Griffin in Summer


After acting both leads in an excerpt of his drama 'Regrets of Autumn' at the Borwood Student Talent show, a performance that leaves his audience unsure of how to respond with its martial accusations of alcoholism and revelations of abortions, its precocious fourteen year-old playwright is distraught to learn that the cast and crew of his previous school vacation basement productions are not as accessible because of newfound interests. He'll be renewed when Brad (Owen Teague, "It," "The Friend"), the handyman his mom hires, tells him he was a performance artist in New York City and becomes the obsession of "Griffin in Summer."


Laura's Review: B+

Writer/director Nicholas Colia making his feature directorial debut drawing on his own childish artistic endeavors, siphons in two outside influences for his young protagonist to draw upon - his own home life and the newcomer meant to fill his father's absence. The results are frequently hilarious, but also moving and insightful, young Everett Blunck ("The Old Way") shouldering the film with his uncanny mixture of perception and insensitivity.

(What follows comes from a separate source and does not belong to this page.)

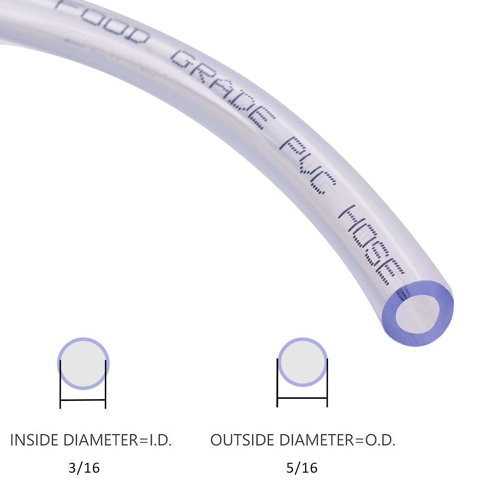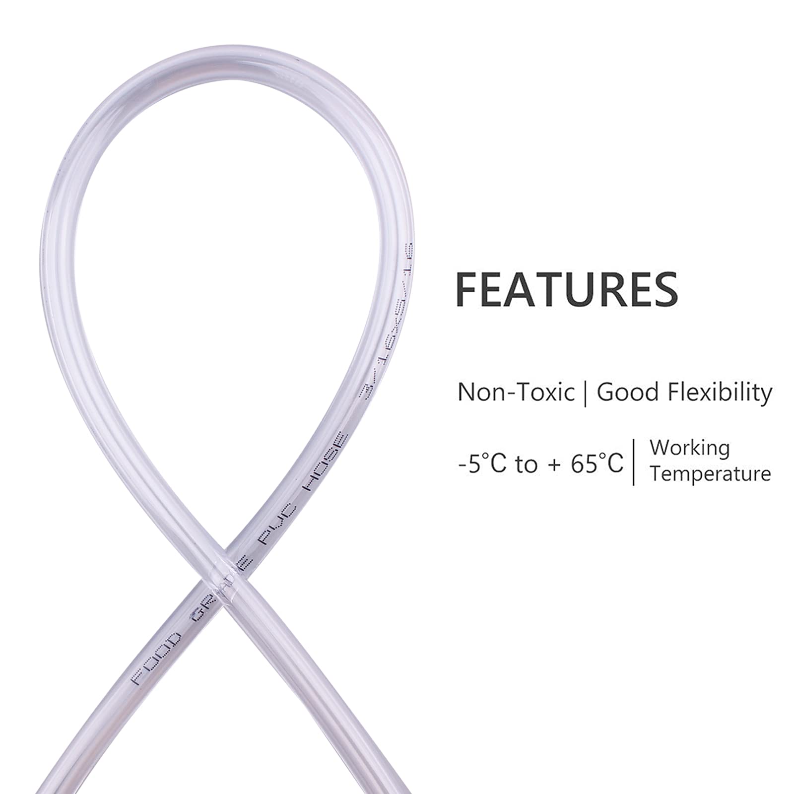Size - Plastic PVC tubing, 3/16 inch ID X 5/16 inch OD Length:10 Feet

While Griffin is obviously well cared for in a nice suburban home where he is well fed and dressed, his mother Helen (Melanie Lynskey, TV's 'Yellowjackets'), almost always seen with a glass of wine nearby, appears preoccupied, and while she tries to get him to actually go outside during his summer vacation, she cannot tear him away from his computer where he continually works on his screenplay. Griffin's best friend Kara (Abby Ryder Fortson, "Are You There God? It's Me, Margaret") also tries to get Griffin to ease up a bit, telling him that their friends are unlikely to respond well to his 8 a.m. rehearsal demands. Griffin relents, pushing the time out to 10 a.m., but Kara has to remind him that she, Winnie (Johanna Colón), Tyler (Gordon Rocks) and Pam (Alivia Bellamy) have other things going on this summer than spending sixty hours a week on his play. To top everything off, the playwright is unhappy with everything he sees.

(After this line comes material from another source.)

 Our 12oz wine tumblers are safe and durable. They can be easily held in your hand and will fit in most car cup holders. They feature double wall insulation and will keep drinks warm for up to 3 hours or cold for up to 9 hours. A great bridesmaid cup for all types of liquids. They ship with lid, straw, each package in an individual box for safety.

That includes Brad, the tattooed, heavy drinking, rock blaring twentysomething who shows up to work around their pool, Griffin indignant that music and power tools distract him from his writing. But Griffin, finding himself alone more and more, his mom increasingly focused on his father's unending business trip, sees Brad in a new light when he's shirtless by the pool and, stammering, invites him in for a drink, the offer escalating from the mundane to dad's whiskey. Suddenly Brad sees Griffin in a new light, too, a young man who can indulge his habits. But the new relationship wrecks havoc on Griffin's friendships, with Brad's girlfriend Chloe (Kathryn Newton, "Lisa Frankenstein"), on both their home lives and even on that very thing that means more than anything to Griffin - his play.

Colia counterweights Griffin in Brad, the older man having fled New York City after a disastrous show. He's clearly bowled over by Griffin's screenplay, but while Griffin struggles to see the artistry in Brad's performance art video, he convinces himself there's something there. He replaces Tyler with Brad, but the guy's raging performance terrifies his costars even as it delights Griffin. But Griffin, who's created a fake adult female persona in order to secure a real theater for his production, goes too far when he uses for more personal reasons.

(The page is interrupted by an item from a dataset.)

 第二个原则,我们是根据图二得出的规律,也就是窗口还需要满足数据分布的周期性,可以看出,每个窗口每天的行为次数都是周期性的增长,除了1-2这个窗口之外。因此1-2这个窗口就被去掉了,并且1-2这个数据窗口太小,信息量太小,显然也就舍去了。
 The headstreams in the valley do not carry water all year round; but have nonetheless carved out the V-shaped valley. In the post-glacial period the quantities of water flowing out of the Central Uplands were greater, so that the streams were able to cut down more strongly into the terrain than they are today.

Colia's screenplay intricately weaves the impact of outside events on various relationships to propel this unique coming-of-age comedy, 'Regrets of Autumn' a comedic mini-masterpiece of adult drama seen through the eyes of a child. He's also gotten great performances from his young cast, Blunck's intellectual intelligence covering for his emotional immaturity. Ryder Fortson fills in that latter gap as the mediator among the young teens, a supportive friend who works around Griffin's egocentricity. Colón, Rocks and Bellamy all contend with having to give amateur performances, only to rebound for the film's climax in the movie's only trope - the overly professional children's show. Teague (someone please cast this guy as The Sex Pistols' Johnny Rotten) creates a character as dim-witted and aimless as Griffin is intelligent and focused yet maintains sympathy with his lost and lonely aura. Lynskey maintains a difficult balance between Helen's personal devastation and her love for her oft-exasperating son. The film also features Michael Esper ("Pavements") as Griffin's dad Bill and Francine Berk as Brad's pleasantly clueless mom.

Colia bypasses some of the bumpier logistics of his story in favor of its emotional complexities and quirky humor. The production evokes sleepy, summertime suburbia, Virginia standing in for Massachusetts. A small gem, "Griffin in Summer" announces yet another debuting filmmaker to watch.



Robin's Review: B


Vertical released "Griffin in Summer" in select theaters on 8/29/25.  It expands in subsequent weeks and will be available on VOD on 9/16/25.